Net loss for the Q1 2026 was $73.3 million compared to a net loss of $57.4 million for the same period in 2025. This includes non cash share based compensation expense of $8.4 million compared to $7.8 million for the same period in 2025. As of March 31, 2026, Kura had cash, cash equivalents and short term investments of $580.8 million compared to $667.2 million as of December 31, 2025. We are maintaining our previously communicated guidance for collaboration revenue. We expect this to be $45 million to $55 million in 2026 $90 to $110 million in 2027, and $90 to $110 million in 2028. This revenue reflects noncash based accounting recognition of performance obligations under our collaboration agreement with Kyowa Kirin. Current cash, cash equivalents and short term investments as of 03/31/2026 together with anticipated payments of $180 million under our collaboration agreement with Kyowa Kirin, are expected to fund our ziftomenib AML program through the first top line phase 3 results from COMMODORE-17 anticipated in 2020.

With that, I will turn the call back over to Troy.

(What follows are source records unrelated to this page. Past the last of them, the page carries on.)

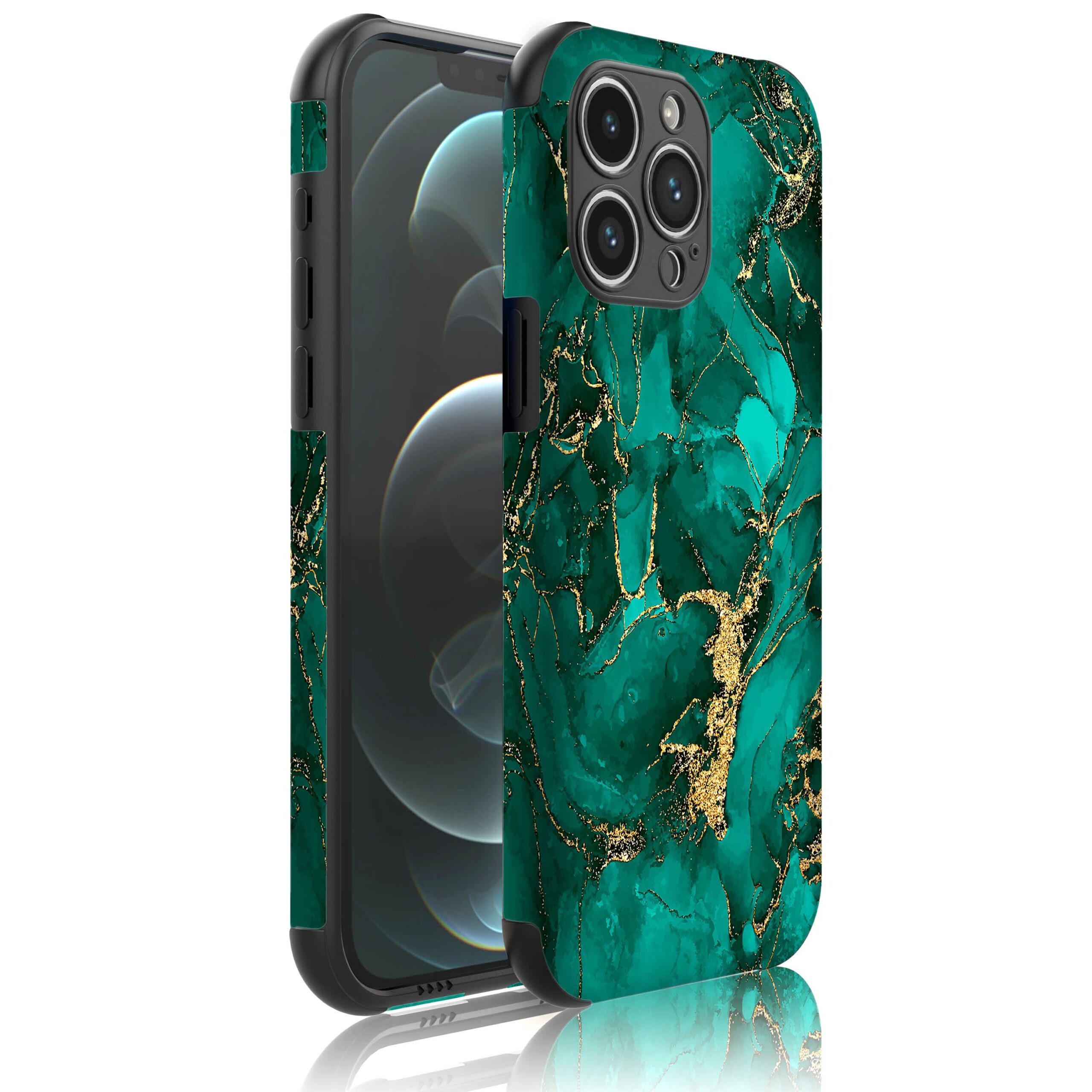 1x Telefoonhoesje geschikt voor iPhone 12 Pro Max met groen goud marmer opdruk
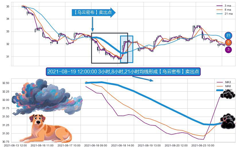 形态多维评估: ⚀ 2021-08-17 11:00:00小时-2021-08-23 12:00:00小时显现 3小时-8小时-21小时均线 【乌云密布】卖出点 看空信号,后市看跌,卖出
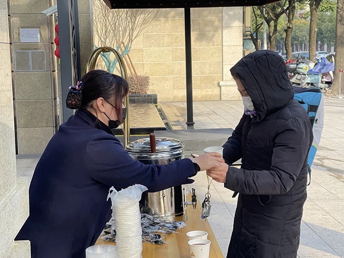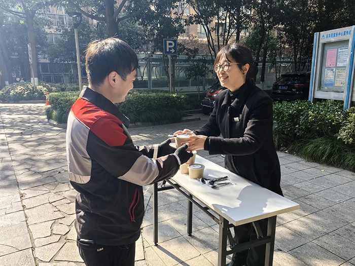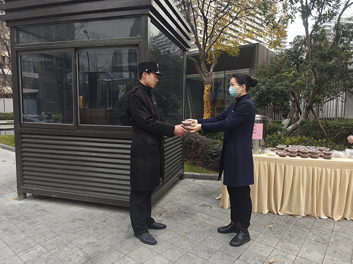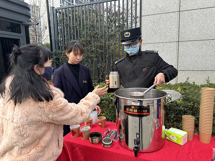 杭州澜颂奥府服务中心每年都会开展腊八节活动,凌晨时分,物业人员就开始忙碌煮粥,从煮粥到分装,一直忙碌到天亮。在早高峰之际,物业人员对过往业主、外卖小哥、环卫工人等都送上了甜蜜的腊八粥。一位外卖小哥说:“给我们发粥,让我们感受到了春节的氛围!”
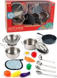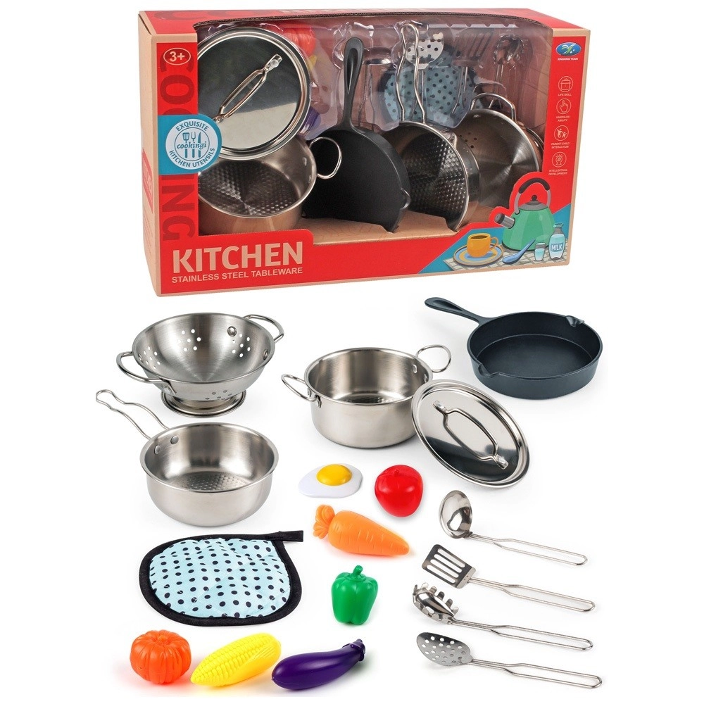 Scopri il divertente set da cucina in metallo per piccoli chef con un totale di 17 elementi. Include pentola, padella, coperchi, scolapasta, utensili da cucina, verdure di plastica e tappetino in tessuto. Un ottimo giocattolo per lo sviluppo della creatività, della motricità fine e per giocare a fare il cuoco.
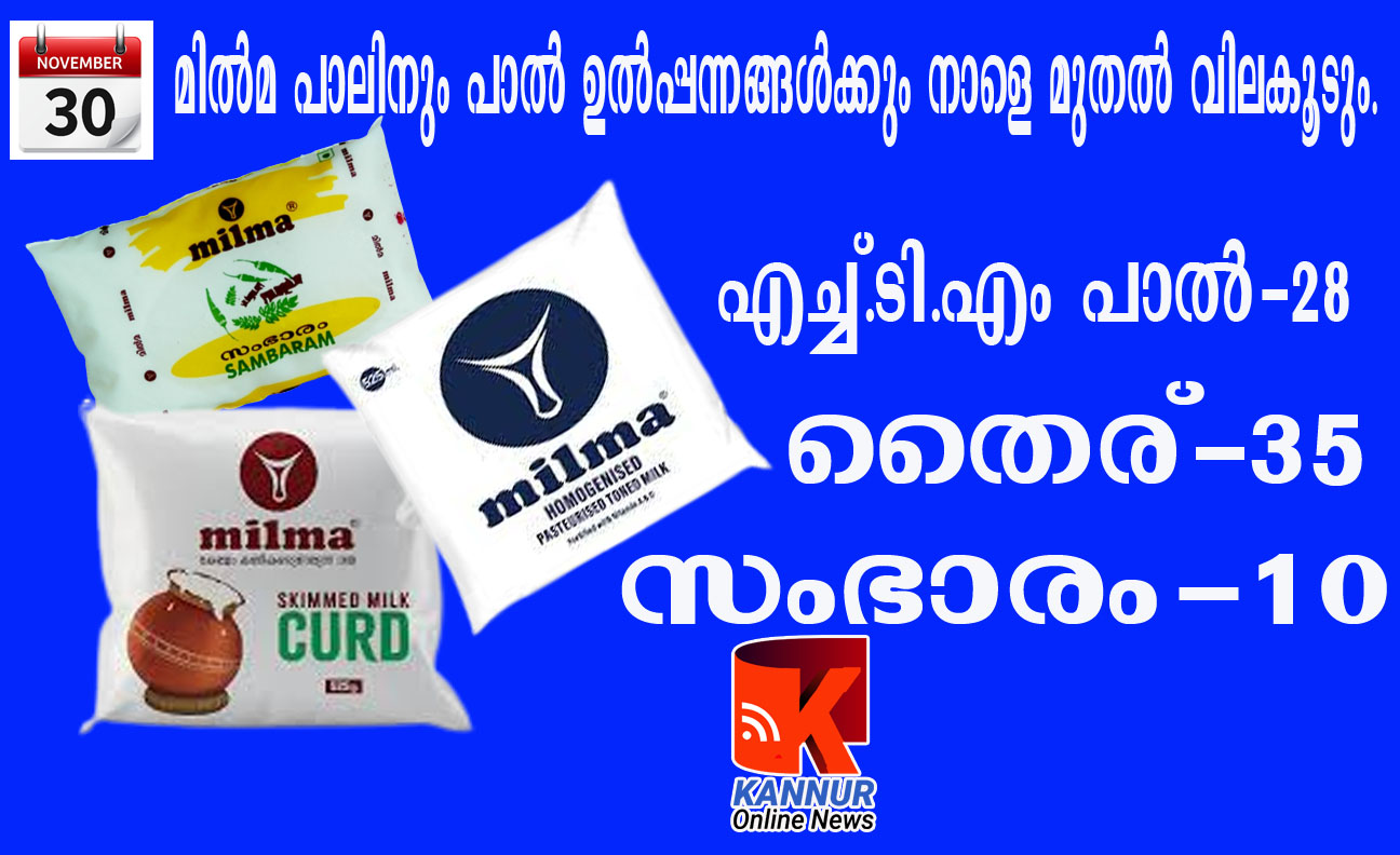 തളിപ്പറമ്പ്: മില്മ പാലിനും പാല് ഉല്പ്പന്നങ്ങള്ക്കും നാളെ മുതല് വിലകൂടും.
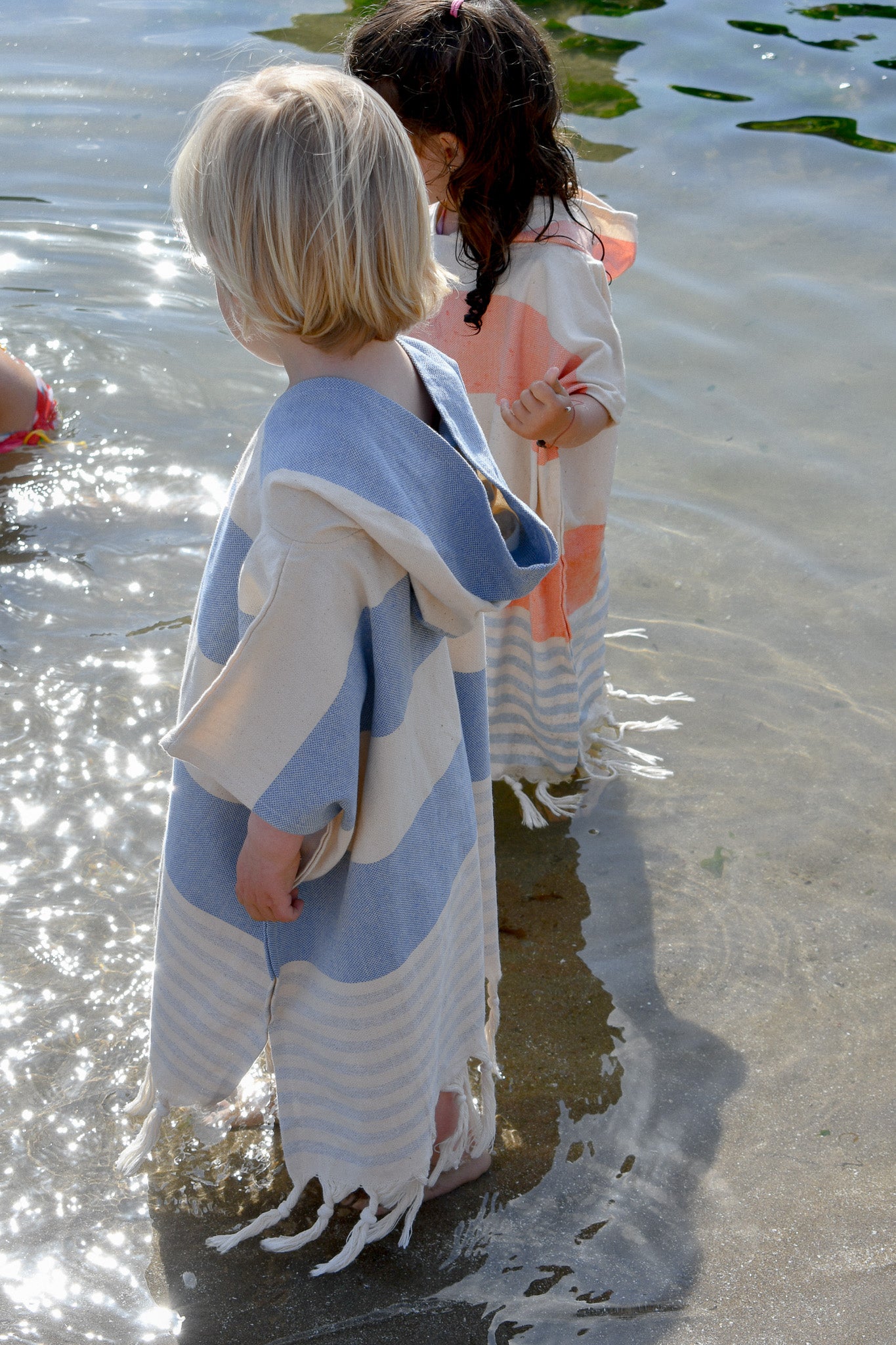 Estos ponchos de niñ@s están hechos con la misma tela de nuestras toallas turcas: livianos, delgados, súper absorbentes y de secado rápido.¡Perfectos para que tus niños estén secos, cómodos y lindos este verano!

Troy Edward Wilson: Thank you, Tom. As I said at the outset, the company is firing on all cylinders. Our first commercial launch is off to a strong start, Our phase 3 programs are ahead of plan, and we expect a strong cadence of data over the next 12 to 24 months that will further define leadership for ziftomenib in the menin inhibitor class. With that, we will conclude our prepared comments and we are happy to, Leila, to open the call up for questions.

Q&A Session

Operator: We will now move to our Q&A session. If you have joined via the webinar, please use the raise hand icon, which can be found at the bottom of your webinar application. When you are called on, please unmute your line and ask your question. We will now pause a moment to assemble the queue. And, again, we ask that you please limit yourself to 1 question. You are welcome to then reenter Our first question will come from Li Watsek with Cantor. You may now unmute and ask your question.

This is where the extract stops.